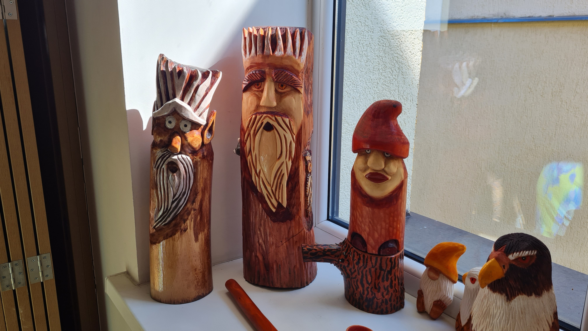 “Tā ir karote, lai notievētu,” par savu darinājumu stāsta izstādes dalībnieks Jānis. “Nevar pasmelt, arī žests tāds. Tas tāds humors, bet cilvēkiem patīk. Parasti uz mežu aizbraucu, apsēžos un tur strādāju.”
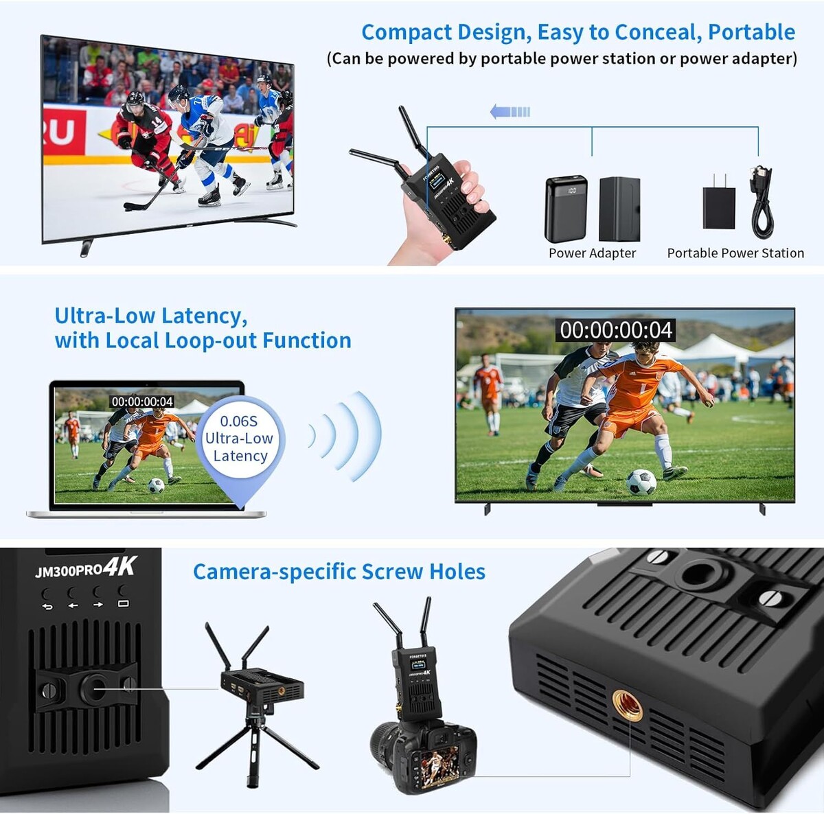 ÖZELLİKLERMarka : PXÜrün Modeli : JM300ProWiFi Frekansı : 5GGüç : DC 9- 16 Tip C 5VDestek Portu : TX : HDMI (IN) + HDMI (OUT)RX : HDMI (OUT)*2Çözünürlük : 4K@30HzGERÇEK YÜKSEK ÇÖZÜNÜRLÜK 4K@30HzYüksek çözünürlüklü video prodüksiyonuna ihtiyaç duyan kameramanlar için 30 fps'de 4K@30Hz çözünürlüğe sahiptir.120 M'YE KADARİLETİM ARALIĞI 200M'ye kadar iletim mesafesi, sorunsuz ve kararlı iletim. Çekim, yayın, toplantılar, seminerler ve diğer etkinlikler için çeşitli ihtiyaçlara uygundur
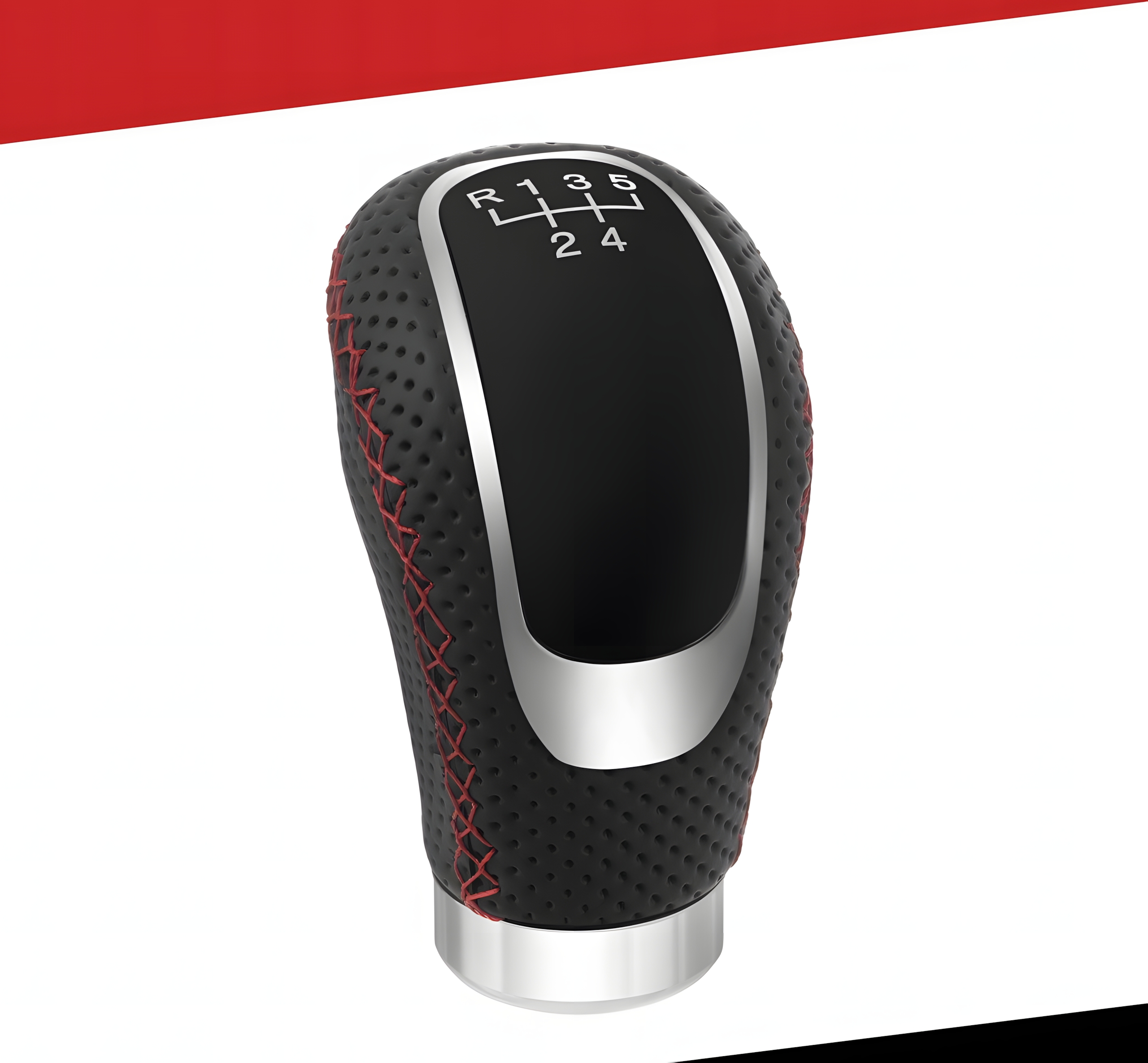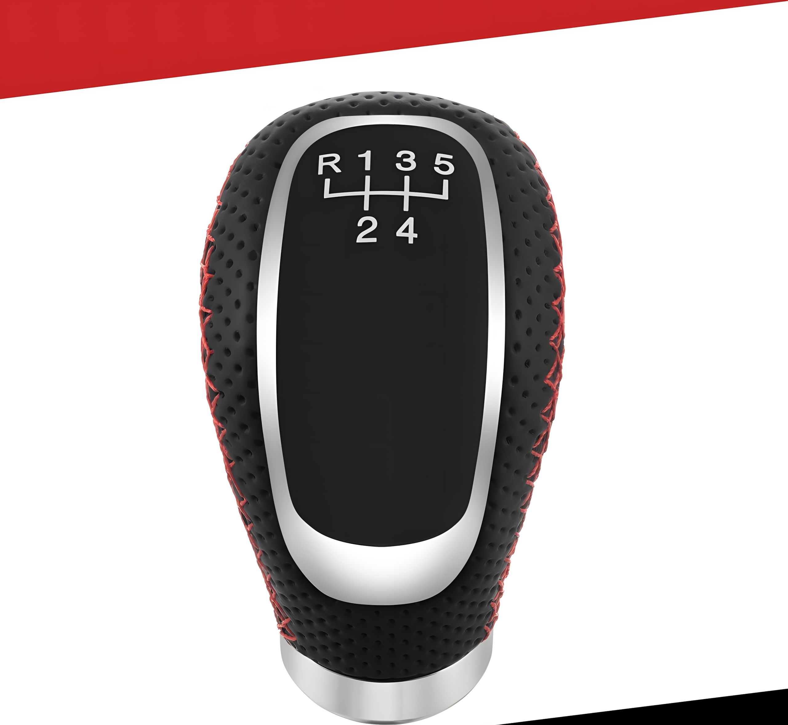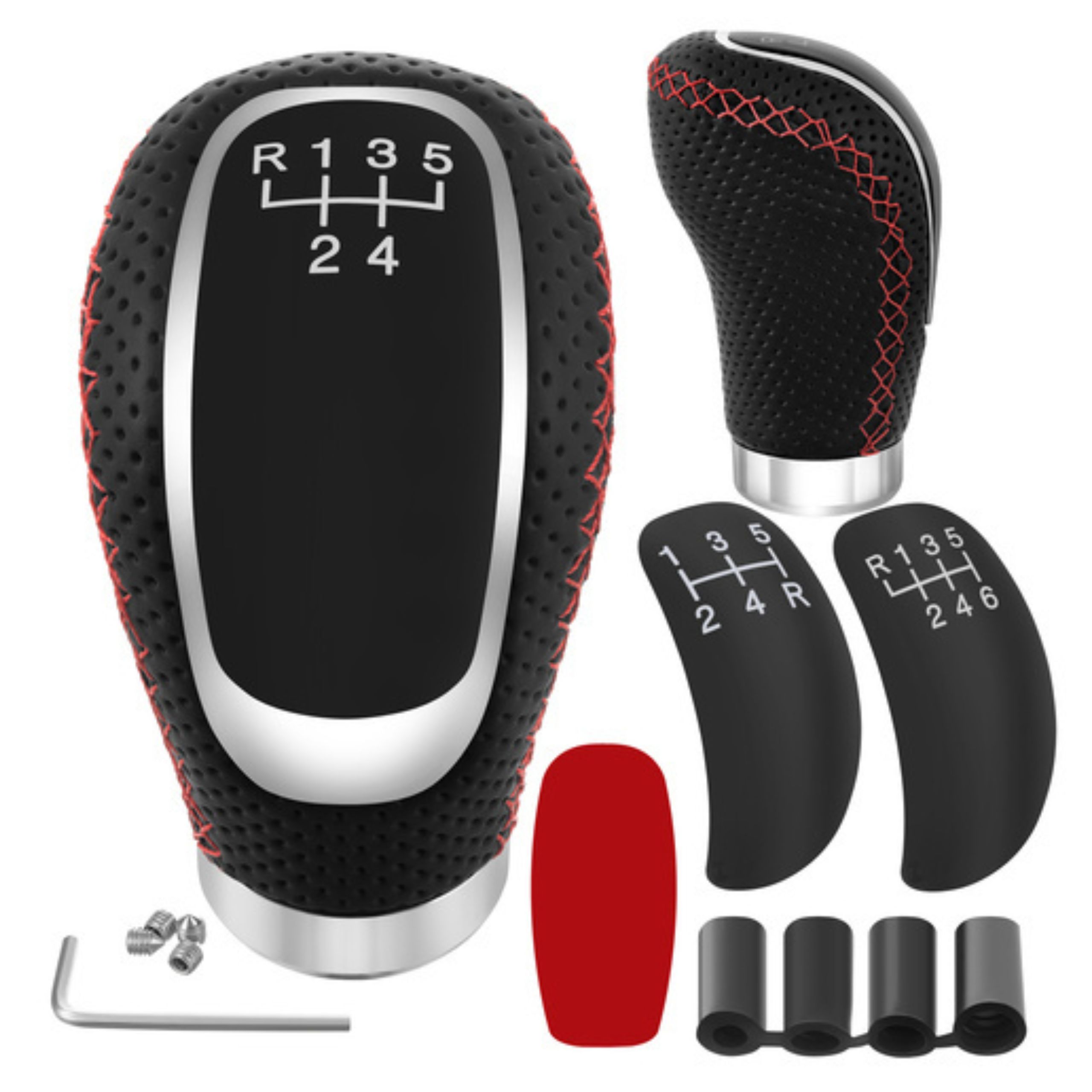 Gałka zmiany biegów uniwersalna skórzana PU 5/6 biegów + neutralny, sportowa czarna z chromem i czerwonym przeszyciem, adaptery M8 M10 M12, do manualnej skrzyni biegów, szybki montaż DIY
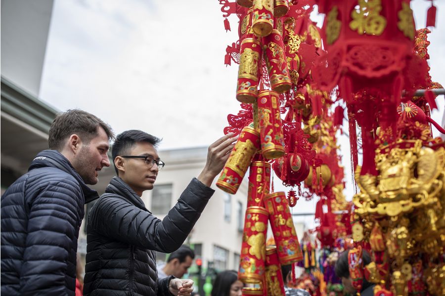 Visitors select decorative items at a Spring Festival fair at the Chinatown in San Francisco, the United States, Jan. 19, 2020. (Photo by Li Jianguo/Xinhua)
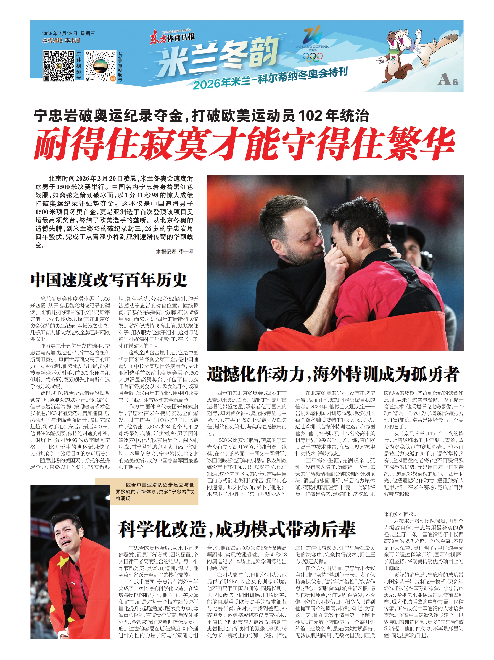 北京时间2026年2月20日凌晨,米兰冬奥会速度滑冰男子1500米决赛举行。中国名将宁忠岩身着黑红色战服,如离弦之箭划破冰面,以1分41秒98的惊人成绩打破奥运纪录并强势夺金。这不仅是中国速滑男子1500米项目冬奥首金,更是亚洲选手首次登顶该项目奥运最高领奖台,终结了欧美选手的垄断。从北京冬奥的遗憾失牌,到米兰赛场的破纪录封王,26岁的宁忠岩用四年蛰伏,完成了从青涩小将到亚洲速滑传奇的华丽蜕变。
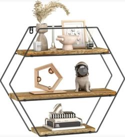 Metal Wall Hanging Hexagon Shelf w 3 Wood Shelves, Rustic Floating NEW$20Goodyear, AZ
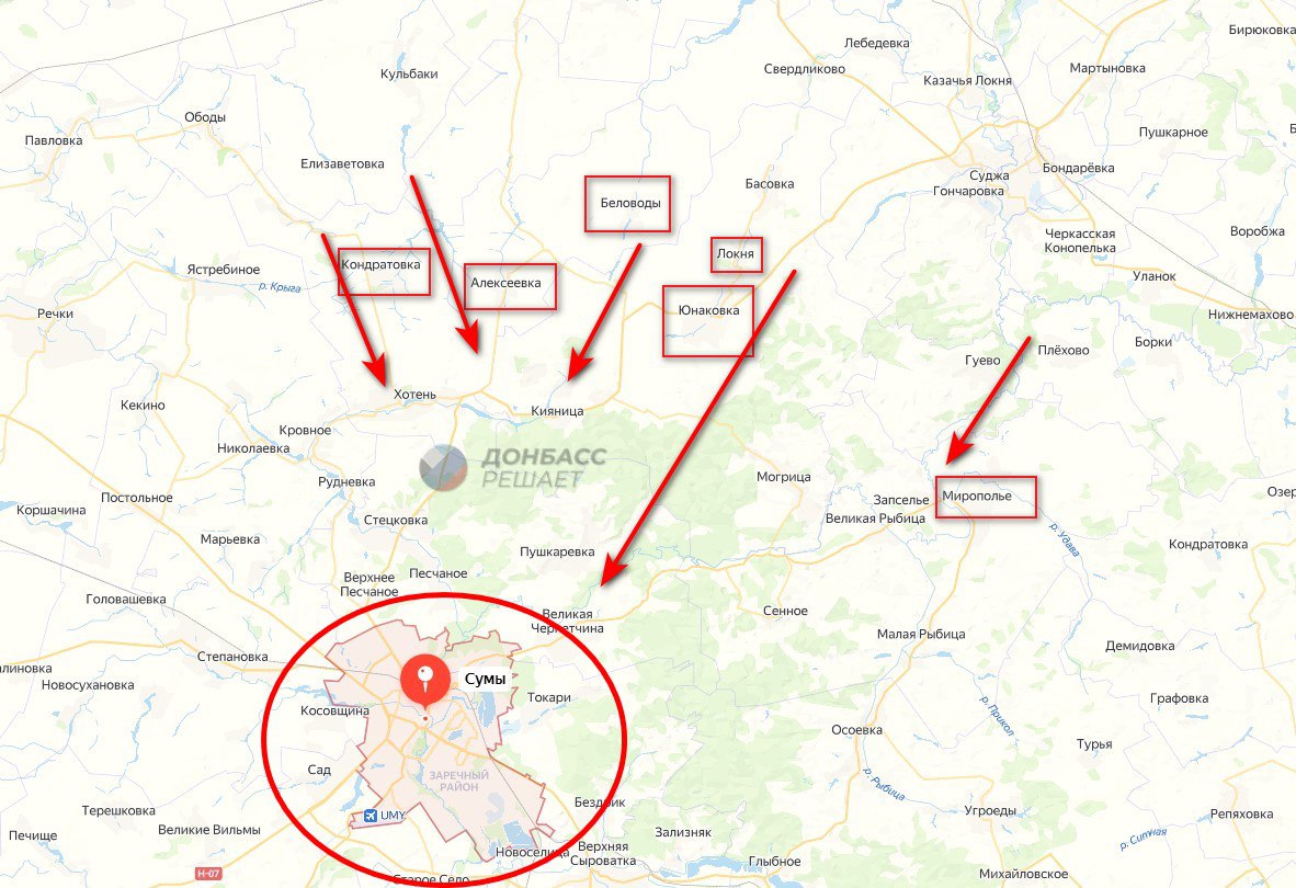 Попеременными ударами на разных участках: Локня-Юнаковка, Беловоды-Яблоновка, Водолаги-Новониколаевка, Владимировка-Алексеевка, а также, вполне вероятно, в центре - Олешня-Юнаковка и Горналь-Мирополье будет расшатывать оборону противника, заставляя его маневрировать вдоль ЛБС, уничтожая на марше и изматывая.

___

### BRIEF
Your copy should hold exactly the lines from the one that contains "北京时间2026年2月20日" through the final line of the data, both ends included, and no pictures.

### ANSWER FOR THIS EXERCISE
 北京时间2026年2月20日凌晨,米兰冬奥会速度滑冰男子1500米决赛举行。中国名将宁忠岩身着黑红色战服,如离弦之箭划破冰面,以1分41秒98的惊人成绩打破奥运纪录并强势夺金。这不仅是中国速滑男子1500米项目冬奥首金,更是亚洲选手首次登顶该项目奥运最高领奖台,终结了欧美选手的垄断。从北京冬奥的遗憾失牌,到米兰赛场的破纪录封王,26岁的宁忠岩用四年蛰伏,完成了从青涩小将到亚洲速滑传奇的华丽蜕变。
 Metal Wall Hanging Hexagon Shelf w 3 Wood Shelves, Rustic Floating NEW$20Goodyear, AZ
 Попеременными ударами на разных участках: Локня-Юнаковка, Беловоды-Яблоновка, Водолаги-Новониколаевка, Владимировка-Алексеевка, а также, вполне вероятно, в центре - Олешня-Юнаковка и Горналь-Мирополье будет расшатывать оборону противника, заставляя его маневрировать вдоль ЛБС, уничтожая на марше и изматывая.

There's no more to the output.